I have given a fair number of similar performance-oriented talks in the past, so I know how difficult it is to present benchmark results in a comprehensible and interesting way, and Alexey did a pretty good job, I think. So if you deal with data aggregation (i.e. BI, analytics, or similar workloads) I recommend going through the slides and if you get a chance to attend the talk on some other conference, I highly recommend doing so.
But there’s one point where I disagree with the talk, though. On a number of places the talk suggested that you should generally prefer HashAggregate, because sorts are slow.
I consider this a bit misleading, because an alternative to HashAggregate is GroupAggregate, not Sort. So the recommendation assumes that each GroupAggregate has a nested Sort, but that’s not quite true. GroupAggregate requires sorted input, and an explicit Sort is not the only way to do that – we also have IndexScan and IndexOnlyScan nodes, that eliminate the sort costs and keep the other benefits associated with sorted paths (especially IndexOnlyScan).
Let me demonstrate how (IndexOnlyScan+GroupAggregate) performs compared to both HashAggregate and (Sort+GroupAggregate) – the script I’ve used for the measurements is here. It builds four simple tables, each with 100M rows and different number of groups in the “branch_id” column (determining the size of the hash table). The smallest one has 10k groups
-- table with 10k groups create table t_10000 (branch_id bigint, amount numeric); insert into t_10000 select mod(i, 10000), random() from generate_series(1,100000000) s(i);
and three additional tables have 100k, 1M and 5M groups. Let’s run this simple query aggregating the data:
SELECT branch_id, SUM(amount) FROM t_10000 GROUP BY 1
and then convince the database to use three different plans:
1) HashAggregate
SET enable_sort = off; SET enable_hashagg = on; EXPLAIN SELECT branch_id, SUM(amount) FROM t_10000 GROUP BY 1; QUERY PLAN ---------------------------------------------------------------------------- HashAggregate (cost=2136943.00..2137067.99 rows=9999 width=40) Group Key: branch_id -> Seq Scan on t_10000 (cost=0.00..1636943.00 rows=100000000 width=19) (3 rows)

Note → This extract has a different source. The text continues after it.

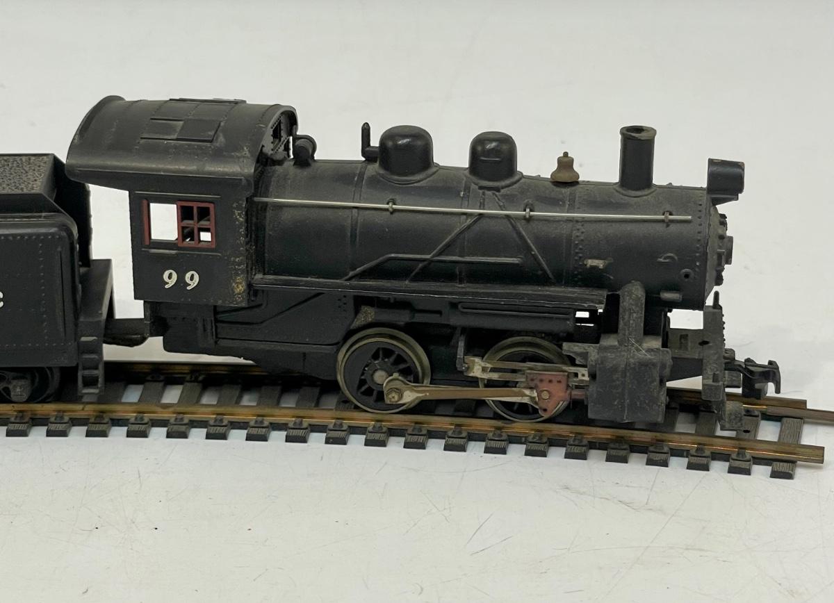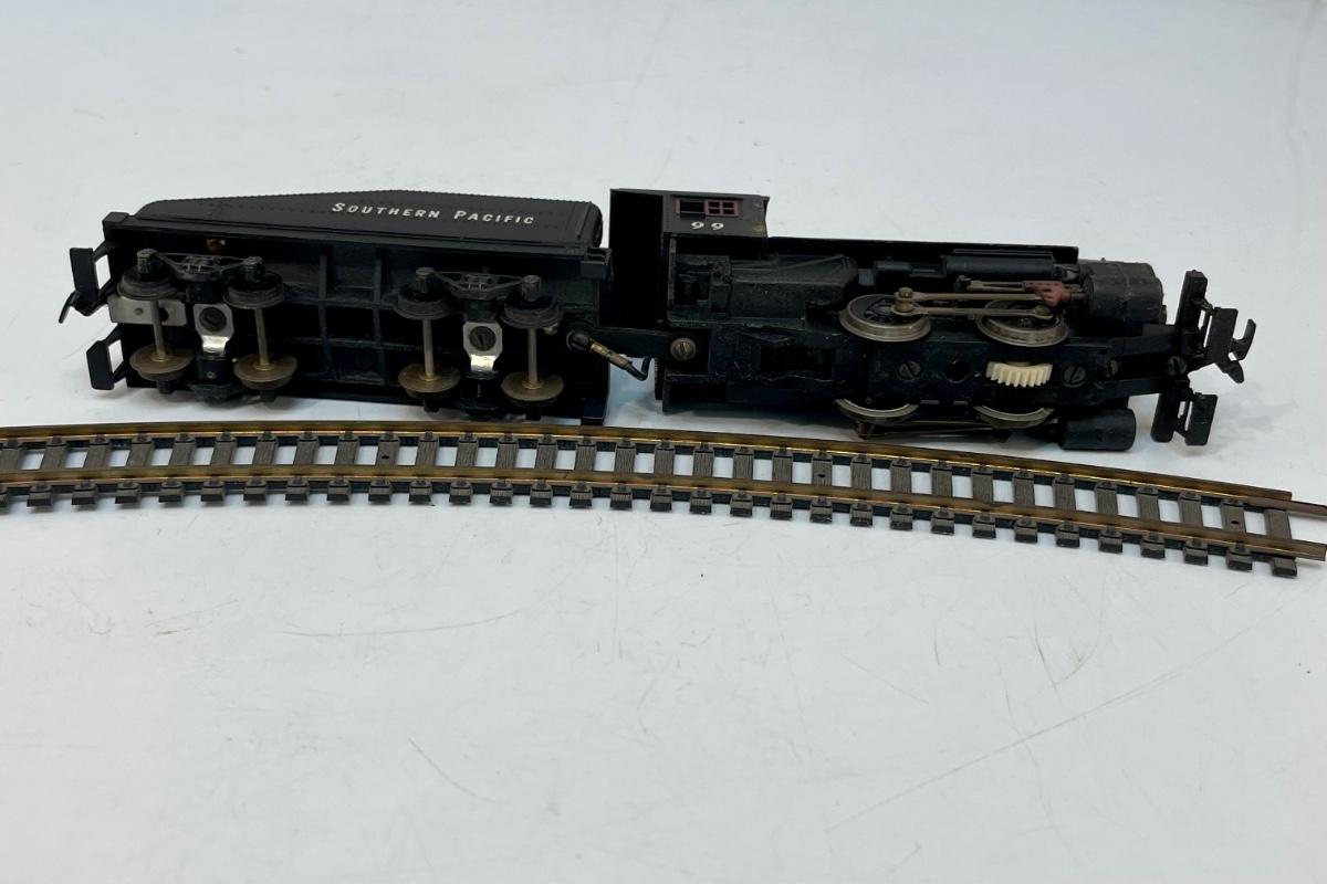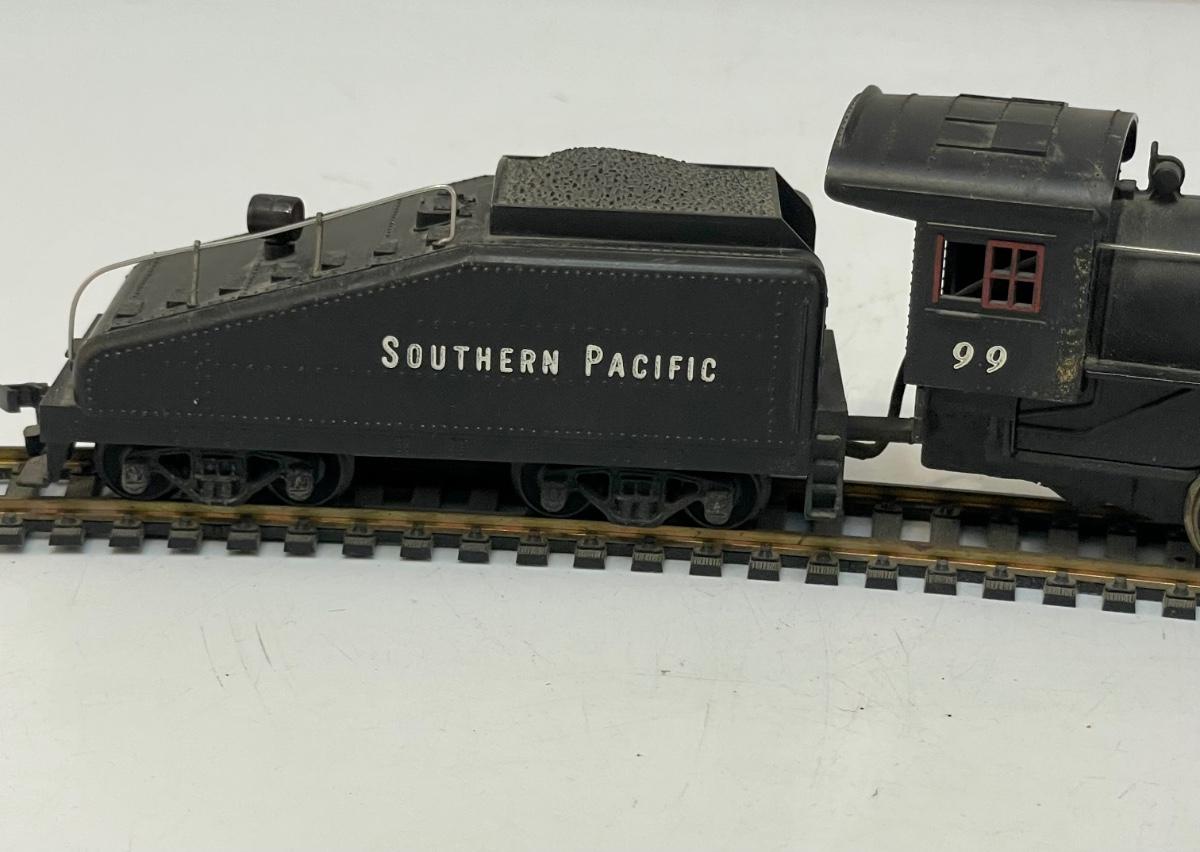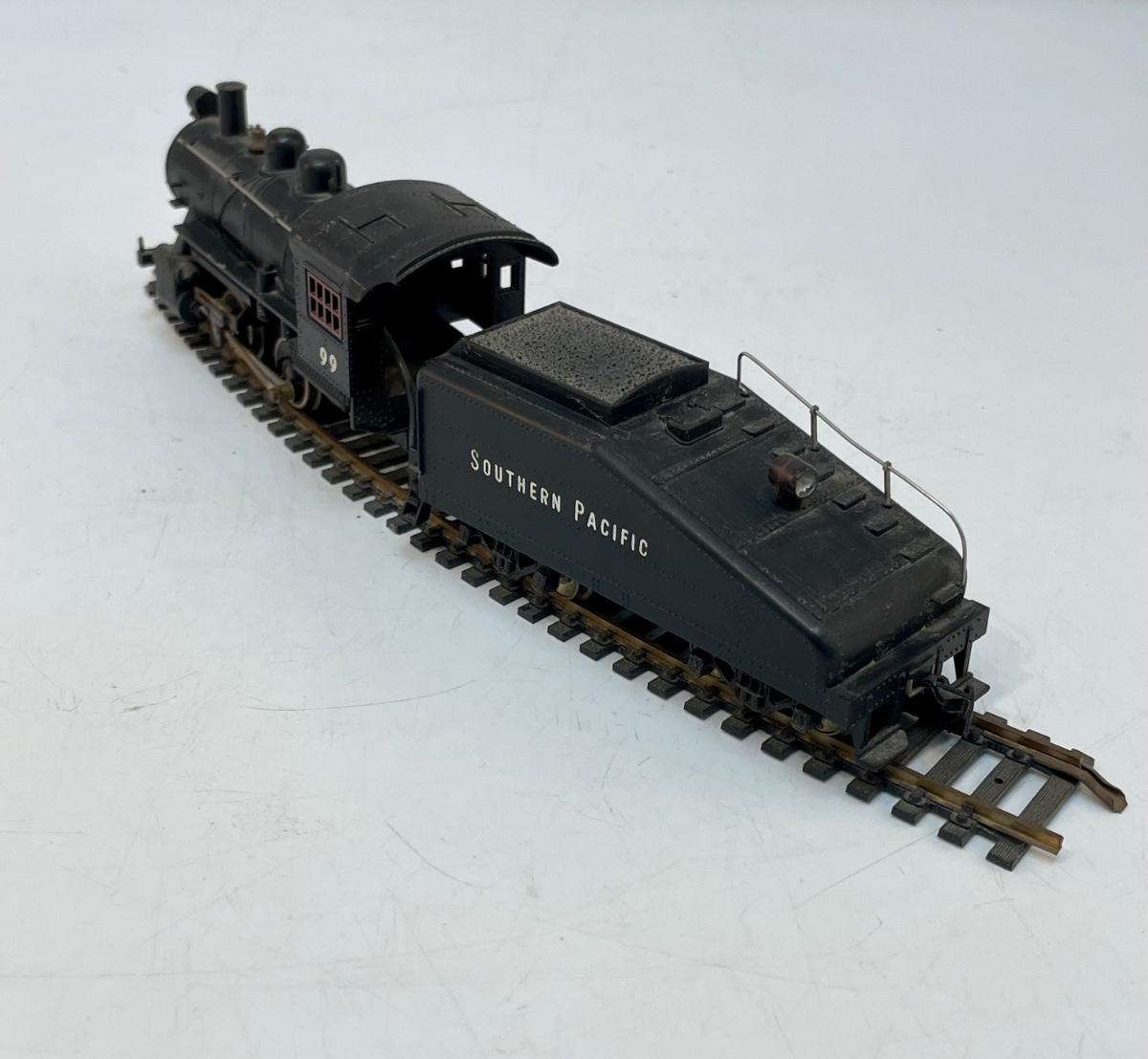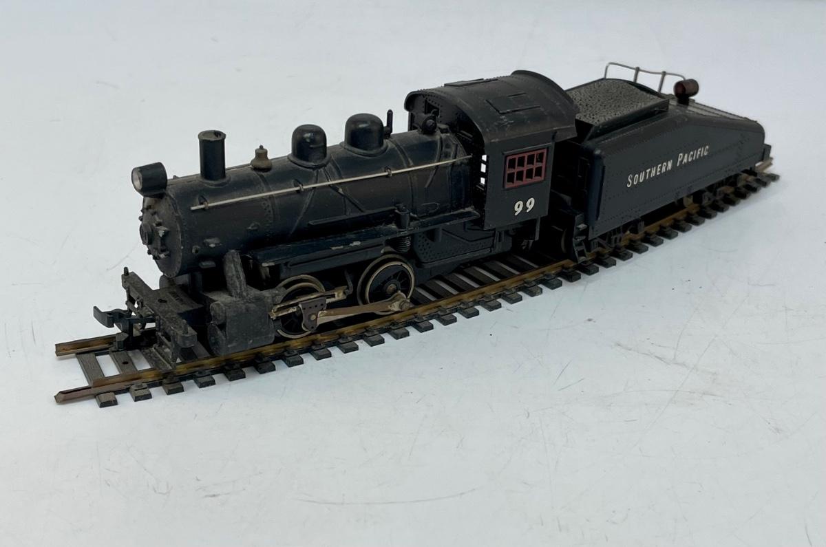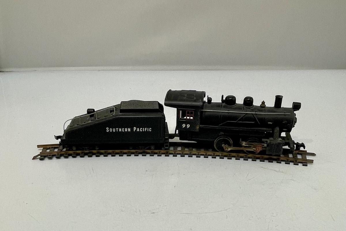 Mantua HO Train Locomotive and Tender. Steam locomotive, 2-4-0, #99 with Southern Pacific livery. Untested. Minor damage to cab roof, see photos. Made by Mantua, later become TYCO.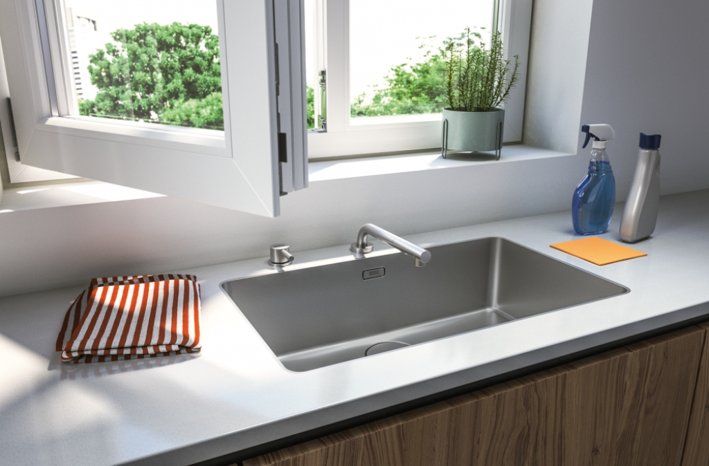 Einhebel-Küchenarmatur Hochdruck mit integriertem Geräteabsperrventil Oberfläche: Edelstahl Finish

2) GroupAggregate (with a Sort)
SET enable_sort = on; SET enable_hashagg = off; EXPLAIN SELECT branch_id, SUM(amount) FROM t_10000 GROUP BY 1; QUERY PLAN ------------------------------------------------------------------------------- GroupAggregate (cost=16975438.38..17725563.37 rows=9999 width=40) Group Key: branch_id -> Sort (cost=16975438.38..17225438.38 rows=100000000 width=19) Sort Key: branch_id -> Seq Scan on t_10000 (cost=0.00..1636943.00 rows=100000000 ...) (5 rows)
3) GroupAggregate (with an IndexOnlyScan)
SET enable_sort = on; SET enable_hashagg = off; CREATE INDEX ON t_10000 (branch_id, amount); EXPLAIN SELECT branch_id, SUM(amount) FROM t_10000 GROUP BY 1; QUERY PLAN -------------------------------------------------------------------------- GroupAggregate (cost=0.57..3983129.56 rows=9999 width=40) Group Key: branch_id -> Index Only Scan using t_10000_branch_id_amount_idx on t_10000 (cost=0.57..3483004.57 rows=100000000 width=19) (3 rows)
Results
After measuring timings for each plan on all the tables, the results look like this:
For small hash tables (fitting into L3 cache, which is 16MB in this case), HashAggregate path is clearly faster than both sorted paths. But pretty soon GroupAgg+IndexOnlyScan gets just as fast or even faster – this is due to cache efficiency, the main advantage of GroupAggregate. While HashAggregate needs to keep the whole hash table in memory at once, GroupAggregate only needs to keep the last group. And the less memory you use, the more likely it’s to fit that into L3 cache, which is roughly an order of magnitude faster compared to regular RAM (for the L1/L2 caches the difference is even larger).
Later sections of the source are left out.